Write out the records below from the first line through the line containing "Beschreibung: Katonai gomb", leaving out any pictures.

* * * * * * * * *

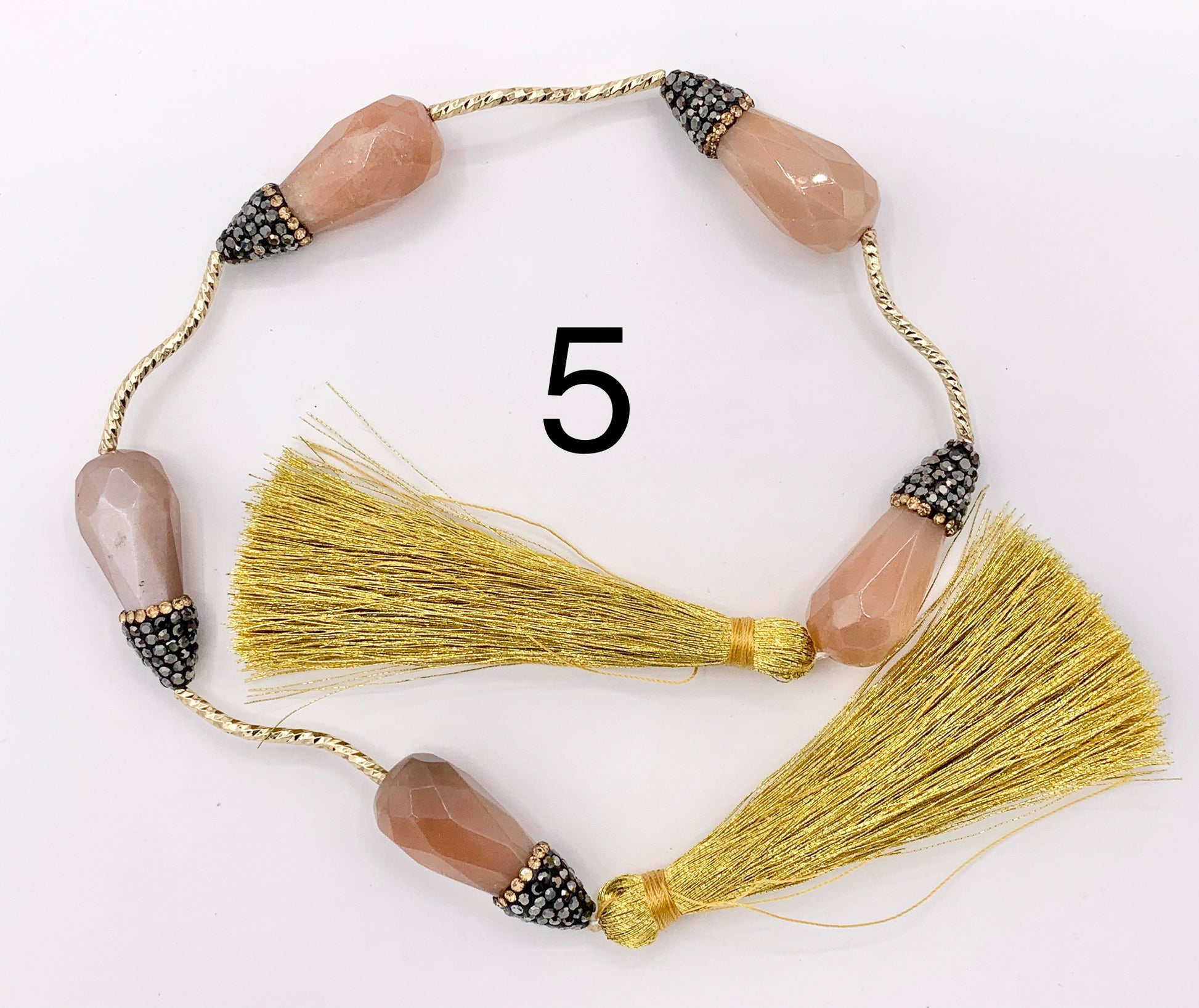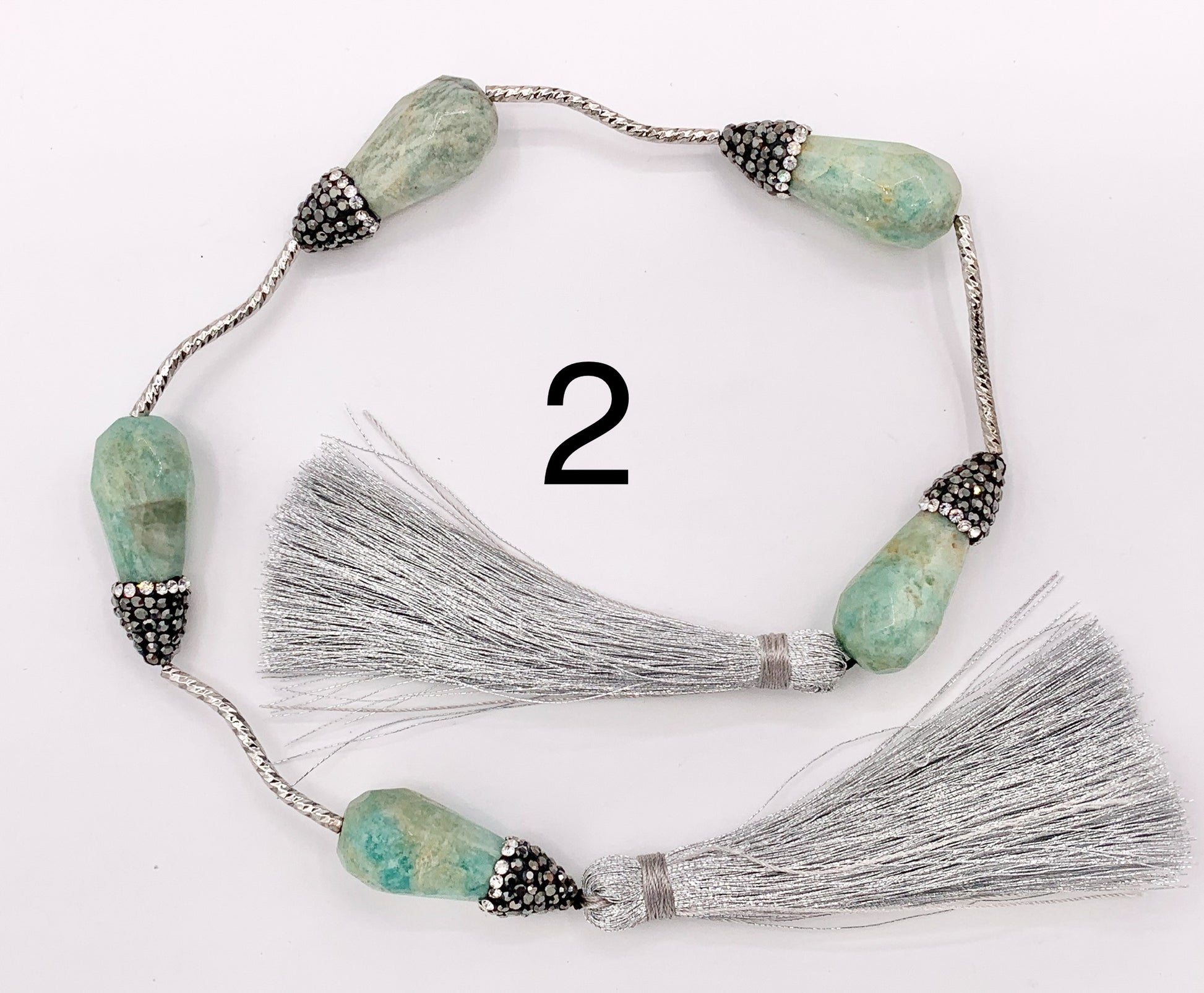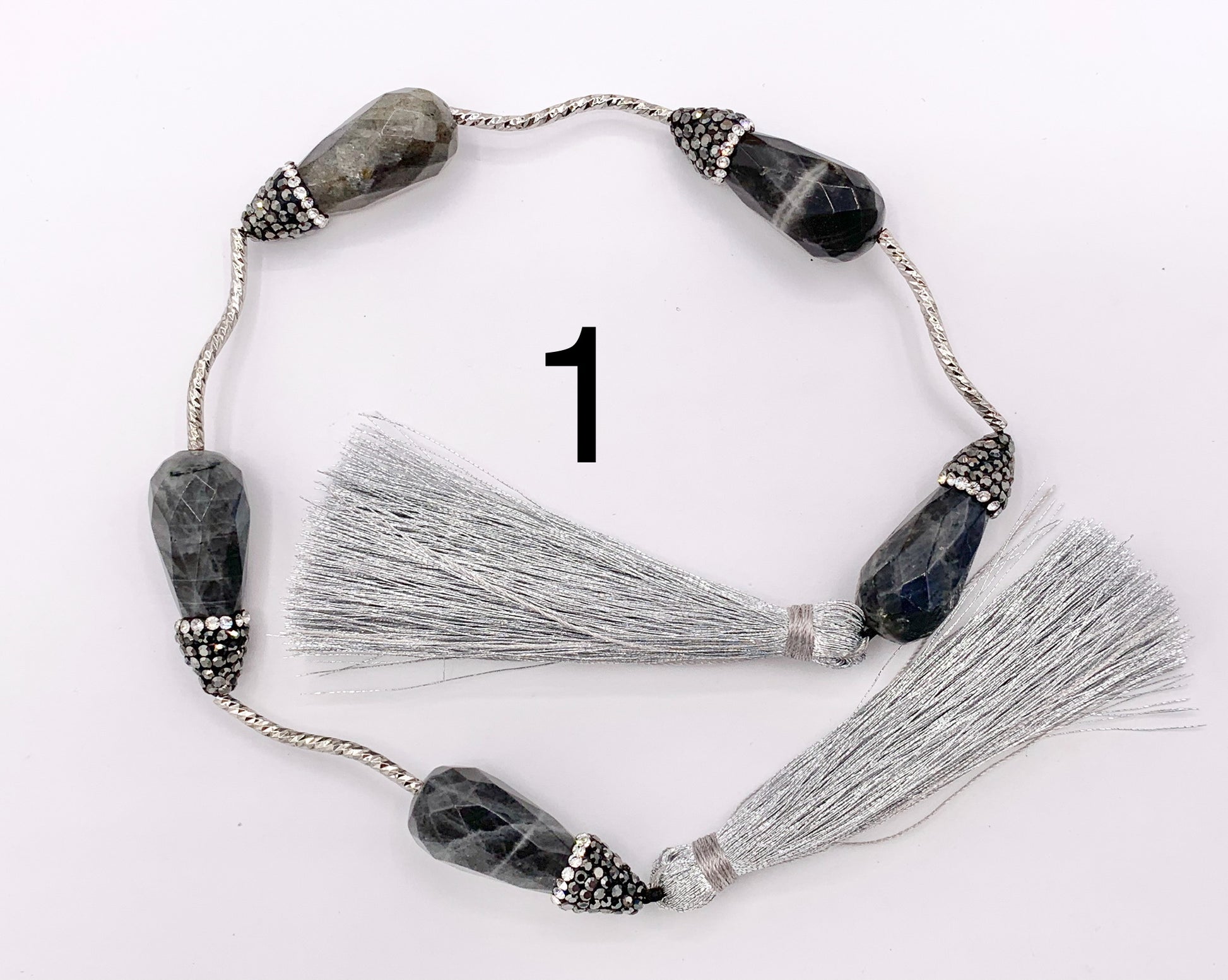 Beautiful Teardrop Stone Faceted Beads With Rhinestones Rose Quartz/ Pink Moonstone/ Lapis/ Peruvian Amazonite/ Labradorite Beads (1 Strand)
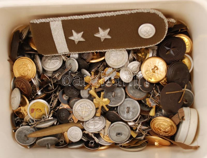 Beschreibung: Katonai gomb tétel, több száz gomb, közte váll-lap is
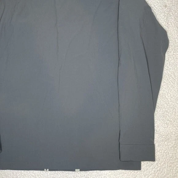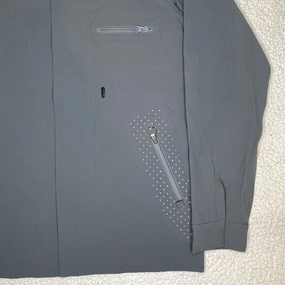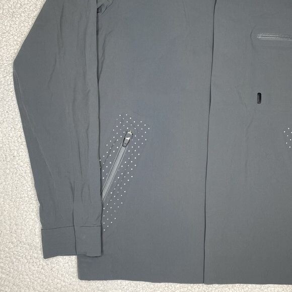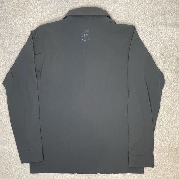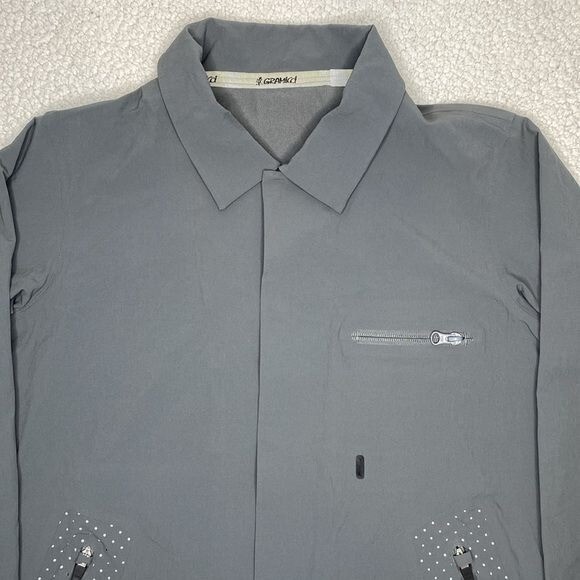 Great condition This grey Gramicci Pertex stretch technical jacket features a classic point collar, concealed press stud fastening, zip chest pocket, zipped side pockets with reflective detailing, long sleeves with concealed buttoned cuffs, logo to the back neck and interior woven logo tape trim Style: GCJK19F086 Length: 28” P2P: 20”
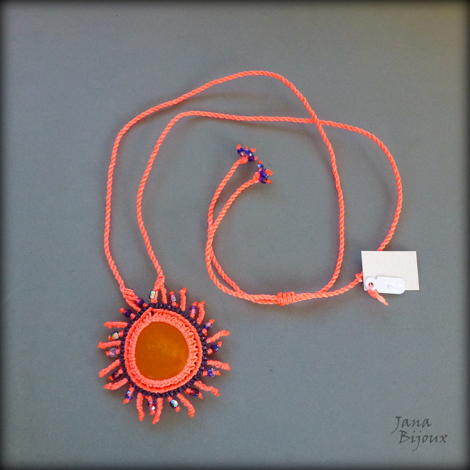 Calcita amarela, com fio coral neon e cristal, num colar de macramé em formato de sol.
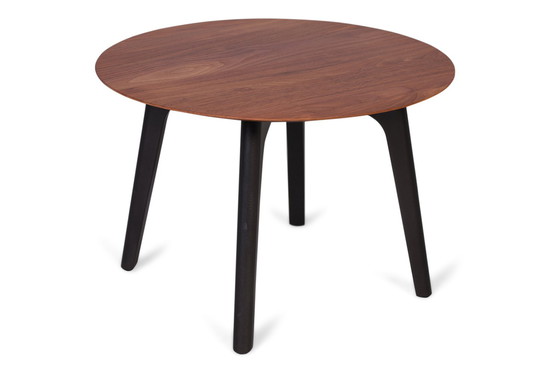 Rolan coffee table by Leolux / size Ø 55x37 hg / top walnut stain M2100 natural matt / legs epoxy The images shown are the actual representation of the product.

* * * * * * * * *

◆ **Result**
 Beautiful Teardrop Stone Faceted Beads With Rhinestones Rose Quartz/ Pink Moonstone/ Lapis/ Peruvian Amazonite/ Labradorite Beads (1 Strand)
 Beschreibung: Katonai gomb tétel, több száz gomb, közte váll-lap is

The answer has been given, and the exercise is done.